■ RECORDS FOR THIS EXERCISE ■
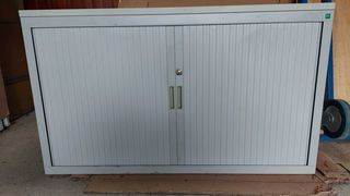 Vends meuble bas de rangement métallique dessus de finition en mélaminé blanc portes à rideaux 1 étagère bon état l 120cm x p 45cm x h 72cm
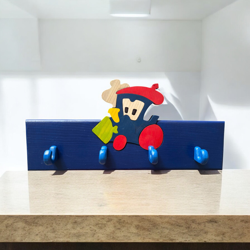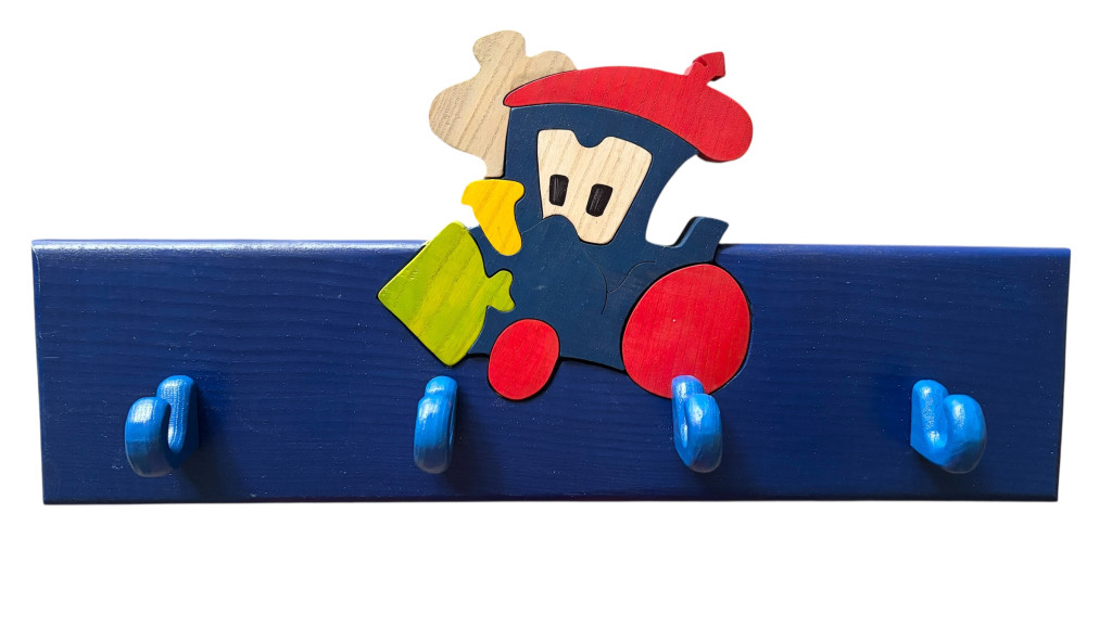 4 akasztós fogas fa gyermek fogas, bevágott mozdony dísszel
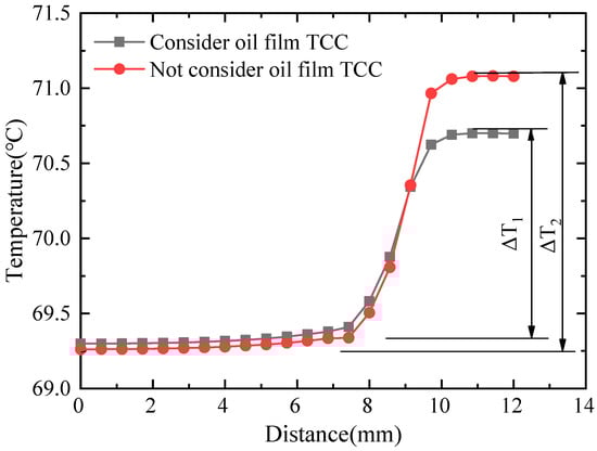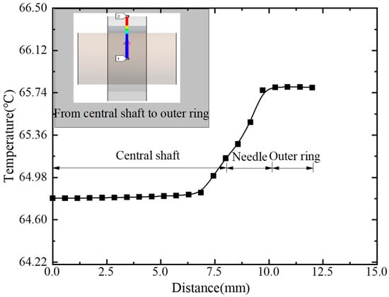 In order to analyze whether the convective coefficient of the lubricating oil film affects the heat dissipation inside and outside the bearing, a “path” from the center of the central axis along the positive direction of the Y axis to the outer surface of the outer ring could be set. In addition, the temperature on the “path” could be studied under the two conditions of the oil film convective coefficient and no-oil film convective coefficient. The law of change is shown in Figure 13. It can be seen from the temperature distribution that, due to the compact structure of the needle roller bearing, the temperature difference between the internal parts of the bearing was small. The temperature range of the bearing had the same distribution in each needle and contact area, and only changed in temperature along the radial direction.
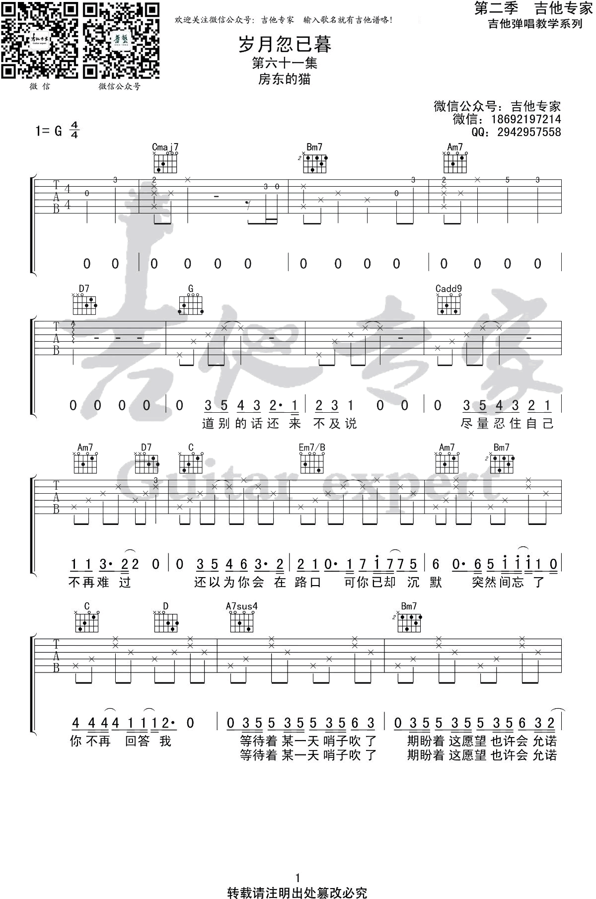 岁月忽已暮吉他谱 - 房东的猫 - 吉他弹唱谱
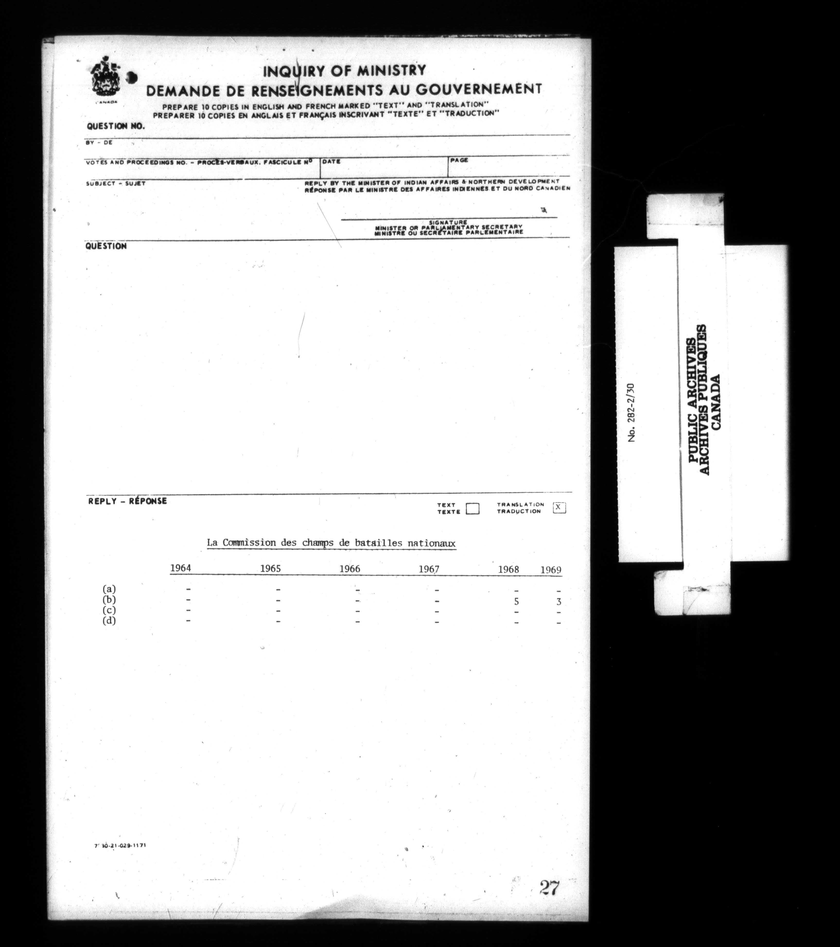 Unpublished sessional papers, 2nd Session, 28th Parliament - 3767
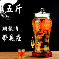 玻璃泡酒瓶带龙头5斤10斤15斤人参泡酒坛子玻璃瓶密封罐家用 5斤+铜龙头+底座
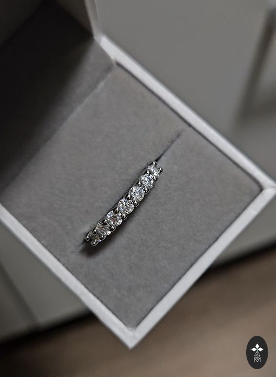 Peamine kivi 0.3 karaati Moissaniit, puhtus D, väike CZ (tsirkooniumoksiid) kivide rida.
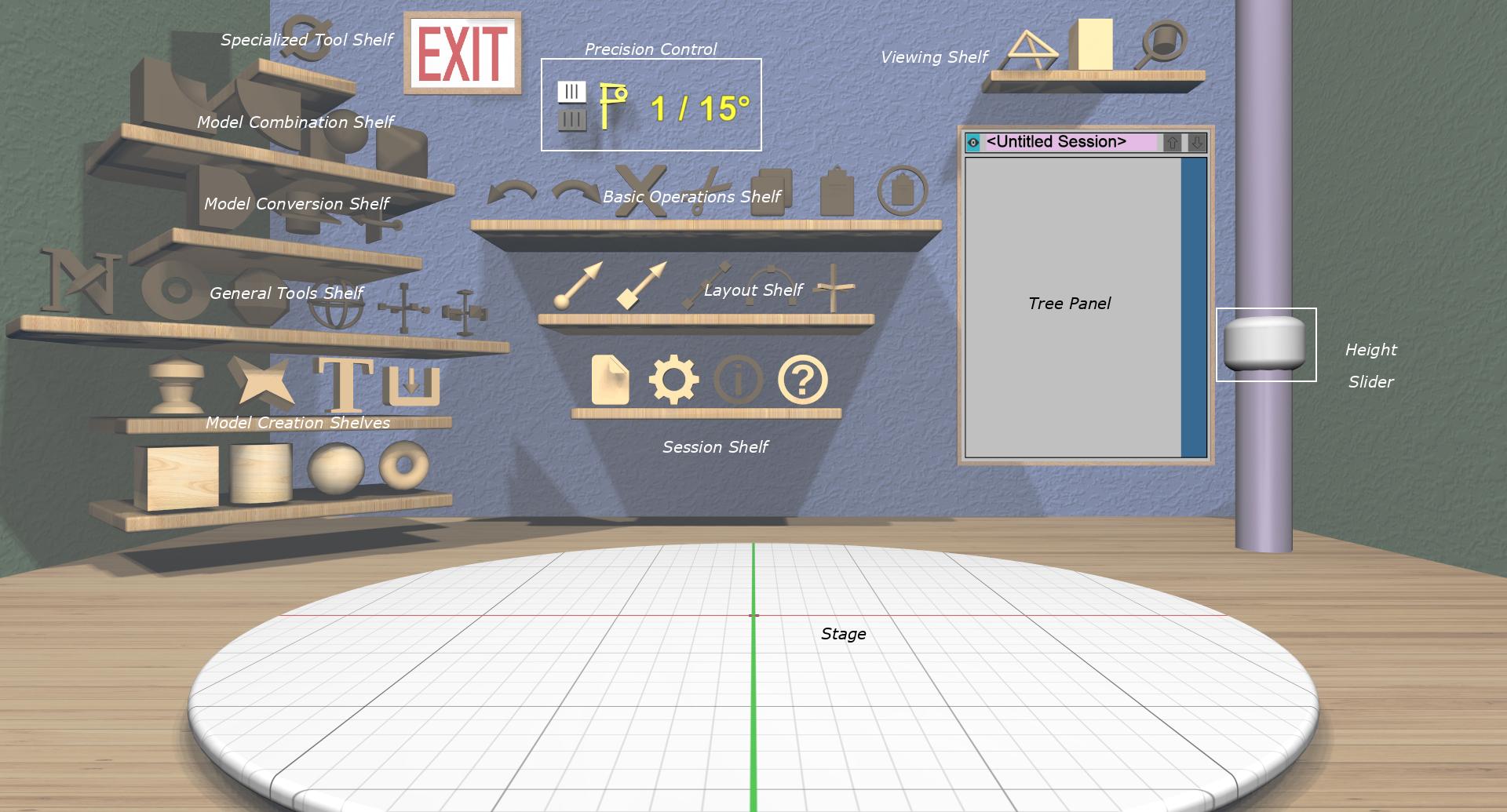 Because EasyMaker3D is designed to be used in VR as well as in a conventional mouse+keyboard environment, it cannot rely on typical menu-based interaction. Instead, it uses a fully 3D interface (with some 2D panels embedded in it).

■ WHAT YOU SHOULD DO ■
Give the entries above again, exactly as written and free of images.

■ THE ANSWER ■
 Vends meuble bas de rangement métallique dessus de finition en mélaminé blanc portes à rideaux 1 étagère bon état l 120cm x p 45cm x h 72cm
 4 akasztós fogas fa gyermek fogas, bevágott mozdony dísszel
 In order to analyze whether the convective coefficient of the lubricating oil film affects the heat dissipation inside and outside the bearing, a “path” from the center of the central axis along the positive direction of the Y axis to the outer surface of the outer ring could be set. In addition, the temperature on the “path” could be studied under the two conditions of the oil film convective coefficient and no-oil film convective coefficient. The law of change is shown in Figure 13. It can be seen from the temperature distribution that, due to the compact structure of the needle roller bearing, the temperature difference between the internal parts of the bearing was small. The temperature range of the bearing had the same distribution in each needle and contact area, and only changed in temperature along the radial direction.
 岁月忽已暮吉他谱 - 房东的猫 - 吉他弹唱谱
 Unpublished sessional papers, 2nd Session, 28th Parliament - 3767
 玻璃泡酒瓶带龙头5斤10斤15斤人参泡酒坛子玻璃瓶密封罐家用 5斤+铜龙头+底座
 Peamine kivi 0.3 karaati Moissaniit, puhtus D, väike CZ (tsirkooniumoksiid) kivide rida.
 Because EasyMaker3D is designed to be used in VR as well as in a conventional mouse+keyboard environment, it cannot rely on typical menu-based interaction. Instead, it uses a fully 3D interface (with some 2D panels embedded in it).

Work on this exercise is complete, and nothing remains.